Make no mistake, González Iñárritu’s narrative method is fascinating, and if you get through the first 10 or 15 minutes OK, you’ll probably be hooked. He begins by giving us shards of information that seem to contradict each other: Here are Watts and Penn in that nowhere motel room, where they have clearly been lovers. Yet here is Watts at a 12-step meeting, talking gratefully about her husband and children, and there is Penn, critically ill with heart disease, sneaking a smoke in the john before his girlfriend (French actress Charlotte Gainsbourg) gets home. (For good measure, there’s Watts, doing up a bunch of coke in somebody’s bathroom. Before she got clean, or a relapse?)

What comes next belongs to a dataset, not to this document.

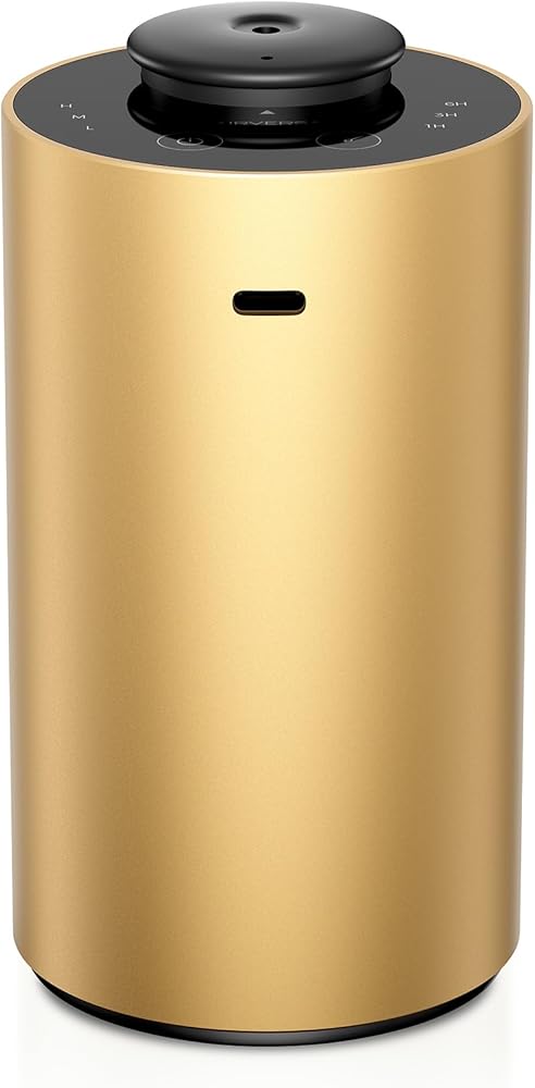 Airversa Waterless Essential Oil Diffuser for Home, Rechargeable and Portable Scent Diffuser with 3 Countdown Timers & Mist Levels for Car Room Studio Office, Scenta Lux Premium Metal Gold

Here also is Del Toro (playing a non-Latino character, entirely convincingly—maybe it took a Mexican director to try it) as an ex-con family man who has sworn off the bottle and now has “Jesus Saves!” painted on the back of his behemoth Dodge pickup. Yet here he is too, being issued a blanket and a uniform and being ushered into a prison cell—is this his past or his future? Even as we begin to grasp what nightmarish combination of these people (and that Dodge pickup) has interlocked all their lives, there are mysteries aplenty. How will all three of the principals wind up in that motel room? And why is one of them bleeding to death in the back seat of a car, while the other two desperately rush him to a hospital?

Part of González Iñárritu’s brilliance is his sense, captured by this narrative method, that lives happen to those who live them with a sort of simultaneity. Those of us who live long enough experience our younger and older selves, our triumphs and tragedies, even maybe our births and our deaths, as all happening in a bewildering, nonsequential welter. I’m also at least a little reluctant to criticize any movie that depicts the lives of middle-aged people with such tenderness and complexity. It isn’t just the young and the beautiful who torment themselves with what-ifs and might-have-beens, who face life-changing crises with an unstable mixture of stoicism and abject cowardice.

Watching Penn and Del Toro (and, to a lesser extent, the actually young and actually beautiful Watts) navigate the recesses of these damaged, ambivalent characters—worried, self-absorbed people who suspect they deserve the bad things that have happened to them and profoundly mistrust the good things—is pretty much worth the price of admission. But uprooted from their home soil, González Iñárritu and screenwriter Guillermo Arriaga can’t quite manage to make this gloomy, improbable stew of romance, film noir and pseudo-metaphysical speculation hang together. Foreign filmmakers have made many of the best movies about America, and I don’t doubt that the prodigiously talented González Iñárritu can follow suit. He might have to figure out what he actually thinks about our country first.